Advanced
Metadata Update Workflows
This document traces the complete metadata lifecycle from creation through enrichment to export, documenting how metadata flows through Lobster's multi-agent...
This document traces the complete metadata lifecycle from creation through enrichment to export, documenting how metadata flows through Lobster's multi-agent system.
1. Creation Flow (research_agent → workspace files)
The research_agent creates metadata files in the workspace when processing publication queue entries:
Files Created
| File | Contents | Purpose |
|---|---|---|
\{entry_id\}_metadata.json | Abstract, authors, journal, year | Publication context for enrichment |
\{entry_id\}_methods.json | Methods section text | Alternative disease extraction source |
\{entry_id\}_identifiers.json | Extracted database IDs | Tracking identifiers found |
sra_\{bioproject\}_samples.json | Sample-level metadata from SRA | Primary filterable data |
Key Code Locations
- Creation:
services/orchestration/publication_processing_service.pylines 1236-1296 - SRA Fetch: Lines 1165-1233 (calls SRA metadata API)
- Status Update: Lines 1317-1349 (sets HANDOFF_READY when has samples)
2. Update Flow (metadata_assistant transformations)
The metadata_assistant performs multi-phase transformations on cached metadata:
Transformation Phases
| Phase | Method | Coverage Gain | Confidence |
|---|---|---|---|
| Phase 1 | Column re-scan | +5-10% | 100% (direct data) |
| Phase 2 | Abstract LLM extraction | +20-40% | 80%+ required |
| Phase 3 | Methods LLM extraction | +10-20% | 80%+ required |
| Phase 4 | Manual mappings | Variable | 100% (user-provided) |
Storage Locations
# In-memory (session only)
data_manager.metadata_store[key] = {
"samples": [...],
"filter_criteria": "16S human fecal",
"stats": {...}
}
# Persistent (survives restart)
workspace/metadata/{key}.jsonKey Code Locations
- process_metadata_queue:
agents/metadata_assistant.pylines 2433-2955 - enrich_samples_with_disease: Lines 3012-3237
- Phase implementations: Lines 260-574 (helper functions)

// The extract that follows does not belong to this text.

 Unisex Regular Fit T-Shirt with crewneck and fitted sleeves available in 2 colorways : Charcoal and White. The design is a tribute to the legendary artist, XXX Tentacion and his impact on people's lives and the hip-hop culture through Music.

- Storage: Lines 2824-2846 (dual storage pattern)
3. Read Access Matrix
Different agents have specific read patterns for metadata:
| Agent | Reads | Does NOT Read | Purpose |
|---|---|---|---|
| research_agent | publication_queue.jsonl download_queue.jsonl | Sample metadata files metadata_store | Check queue status |
| metadata_assistant | publication_queue.jsonl workspace_metadata_keys sra_*_samples.json {entry_id}_metadata.json {entry_id}_methods.json metadata_store | download_queue entries | Process & enrich metadata |
| data_expert | download_queue.jsonl | metadata files publication_queue | Execute downloads only |
| supervisor | Queue statuses | Metadata content | Route to specialists |
Access Patterns
# metadata_assistant reading workspace files
metadata_path = data_manager.workspace_path / "metadata" / f"{pub_id}_metadata.json"
with open(metadata_path) as f:
metadata = json.load(f)
# metadata_assistant using metadata_store (fast path)

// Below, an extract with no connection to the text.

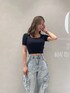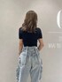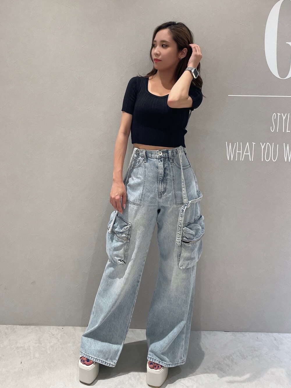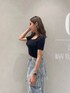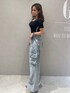《夏っぽカジュアルコーデ》 【Tops】シンプルなトップスは気になる二の腕を隠しつつ、サイドのラインで細見えさせてくれます♪ 【Pants】トレンド感のあるカーゴデザインのデニムは履くだけでおしゃれ見えする優れもの◎ 身長150cmでSサイズ着用です♡ 【Shoes】ベーシックな厚底サンダルはアイボリーを選んでいただくことで爽やかな印象に! 22.5cmでSサイズ着用です♡

if workspace_key in data_manager.metadata_store:
data = data_manager.metadata_store[workspace_key] # <0.001ms
else:
# Slow path: load from disk (1-10ms)
data = workspace_service.read_content(...)4. Persistence Boundaries
Understanding what data survives session restart is critical:
✅ Persists (survives restart)
workspace/
├── metadata/
│ ├── {entry_id}_metadata.json # Publication abstracts
│ ├── {entry_id}_methods.json # Methods sections
│ ├── {entry_id}_identifiers.json # Extracted IDs
│ ├── sra_{bioproject}_samples.json # Sample metadata
│ └── aggregated_filtered_samples.json # Processed results
├── publication_queue.jsonl # Queue entries
├── download_queue.jsonl # Download tasks
└── .session.json # Conversation state❌ Session-only (lost on restart)
# In-memory structures
data_manager.metadata_store = {} # Metadata cache
data_manager.modalities = {} # AnnData objects
llm_context = [] # Conversation contextRecovery Pattern
# On session restart, metadata_assistant must reload
if not data_manager.metadata_store.get(key):
# Reload from workspace
path = workspace_path / "metadata" / f"{key}.json"
if path.exists():
with open(path) as f:
data_manager.metadata_store[key] = json.load(f)5. Common Mistakes & Corrections
❌ Mistake 1: Update without persistence
# WRONG: Updates lost on restart
data_manager.metadata_store[key] = new_data✅ Correction 1: Dual storage pattern
# RIGHT: Update both in-memory and disk
data_manager.metadata_store[key] = new_data
# Persist to workspace
workspace_service = WorkspaceContentService(data_manager)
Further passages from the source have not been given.